Pluggable crypto algorithms are one of the reasons for a lot of protocols being overly baroque and thus vulnerable (due to implementation flaws), or at least not widely used. This all started due to the export controls in the 1990s -- when you needed to have a US/non-US version anyway, you could then do 10 algorithms. But, if you don't have that concern anymore, it's senseless complexity.

IMO the best way to do all of this is to have one (set of) algorithm per major version of protocol. It's fine to change that (by adding new protocol handling) going forward, and potentially to deprecate old versions too, but cipher negotiation/etc. is otherwise madness-making. That, and shitty encodings, are most of the pain I have when working with stuff.

(The issue raised here of "ECC should be more widely used" is good, though -- I've been looking at blinded ECC algorithms recently.)

That's a weird conclusion to draw given that negotiated key agreement algorithms are what allows us to swap RSA for ECDSA opportunistically and without jettisoning the rest of the protocol.

Maybe this would make more sense if you could describe what was madness-making about cipher negotiation.

It certainly has upsides, but I remember pain when involved in or trying to fix things with diverse algorithms. Maybe the memory of the pain was worse than the pain itself, or the pain was from unrelated causes. Mostly it's "I'm not very good at _____, so I like things to be as simple as possible".

JCE implementation (mostly related to scope, era, etc.) -- admittedly, we only needed a non-US JCE for a few specific things, as part of an overcomplicated financial transfer system.

PGP/OpenPGP; there were lots of reasons this sucked, but multiple ciphersuites didn't help at all.

Free S/WAN was painful too (and really most of IPsec), but it's an example of the higher level problem of "too many layers of indirection and abstraction", not "too many algorithm choices."

(Poking at OpenSSL internals as a consumer of the library and trying to get it to work with some hardware shit made me mostly want to die, too, but part of that is my inferior C skills, and other things specific to OpenSSL and not to the overall concept of multiple algorithms)

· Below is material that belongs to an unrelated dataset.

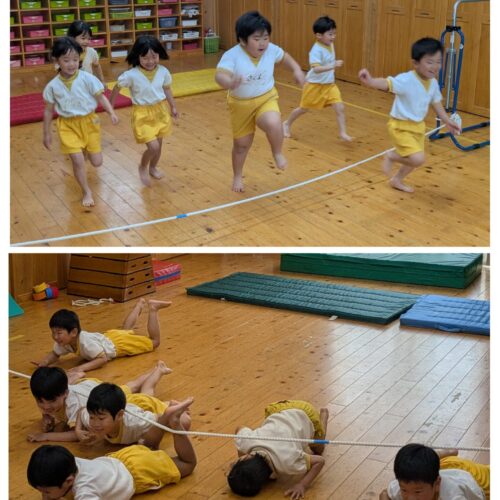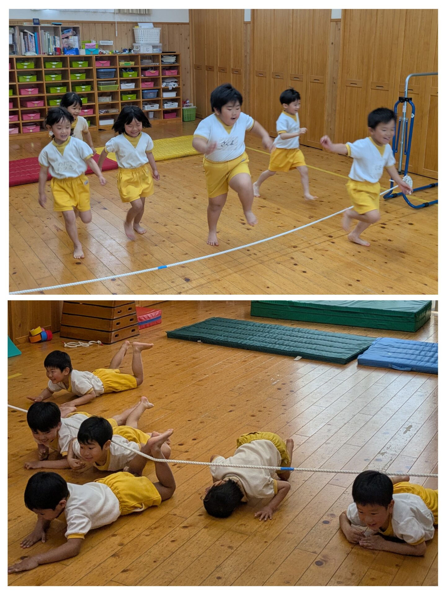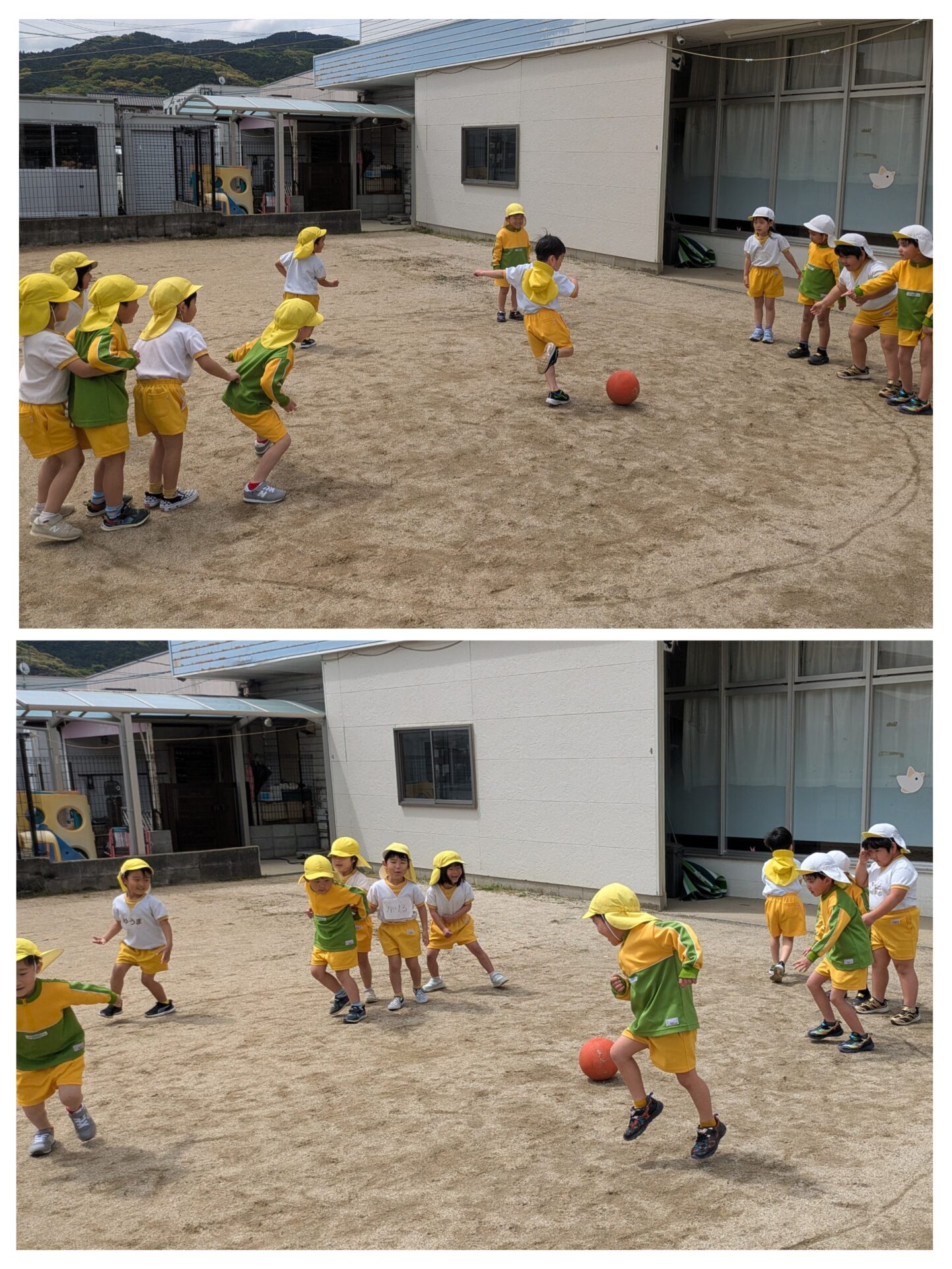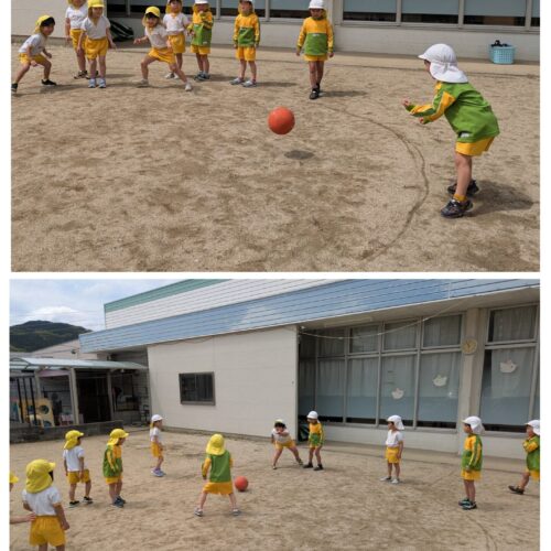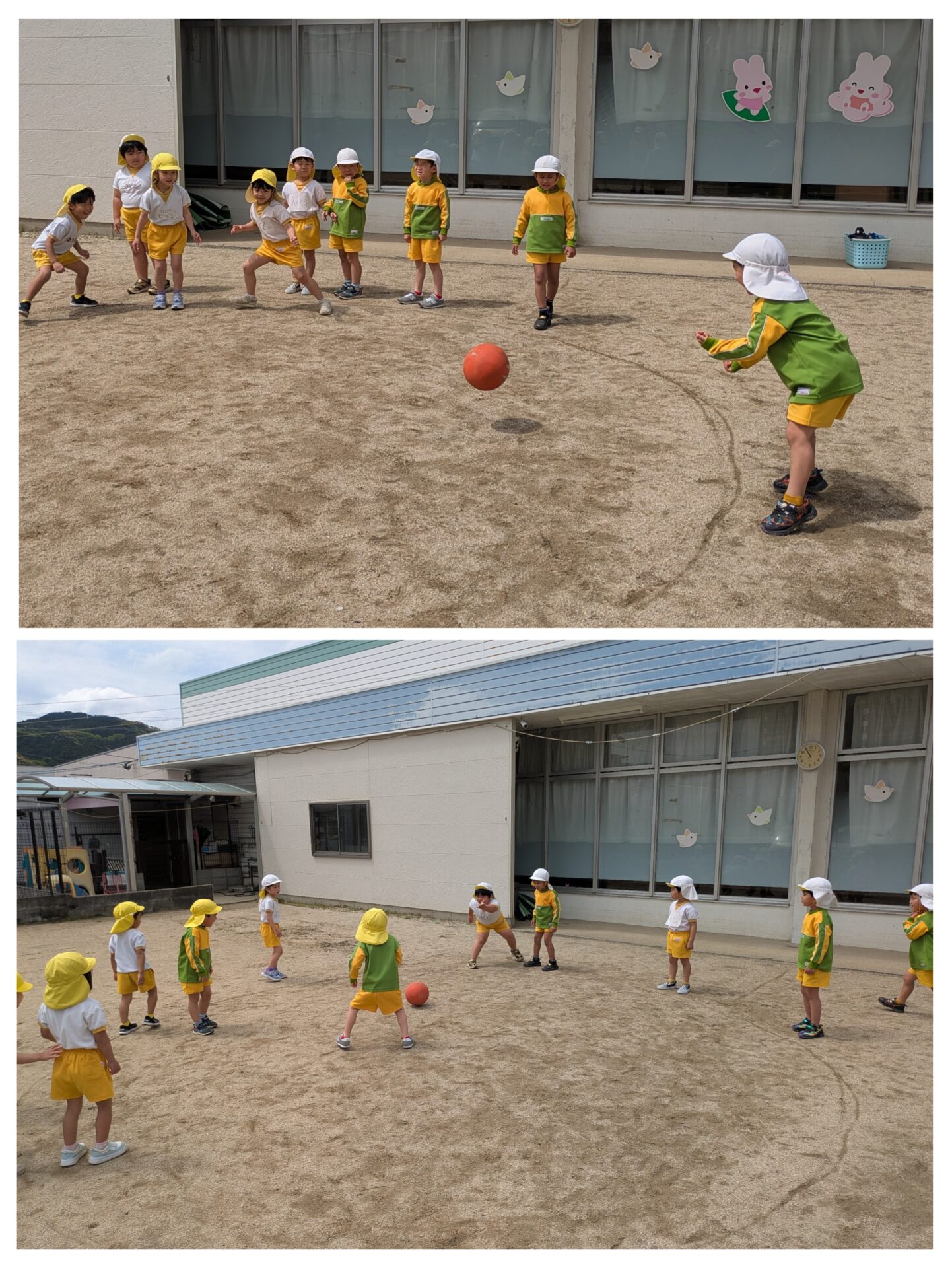今日は転がしドッヂボールをしてあそびました。初めてだったので最初はどう転がしたらいいのか戸惑いも見られましたが、慣れてくるとねらいを定めて転がしたり、力を入れて転がすことができていました!

OTR, ecash protocols of various types, etc. which used hardcoded algorithms were comparatively painless.

ssh is probably a good counterexample -- relatively flexible choices, although the big shift from v1 to v2 fixed a lot more things than just algorithms.

That last part about openssh suggests that the problem with SSL's cipher choices is not that there are choices; rather it's that the choices are mostly bad, and that they're hardcoded combinations rather than free choice of primitives. MD5/SHA1 lingering for years, and RC4 crippled but limping along and even preferred in some cases because of BEAST, all because there are insufficient, or insufficiently deployed, newer options. Camellia is crippled by not supporting the same ciphersuite variety as AES does in most implementations (openssl ciphers -v 'CAMELLIA', vs openssl ciphers -v 'AES'). That's right, there's no ECDHE+Camellia when talking to any server that's using openssl, it's slow DHE or no PFS at all. What's the point of even having Camellia in a SSL implementation if it's not going to be maintained with current ciphersuites? That's a great example of why hardcoding combinations of primitives is scary.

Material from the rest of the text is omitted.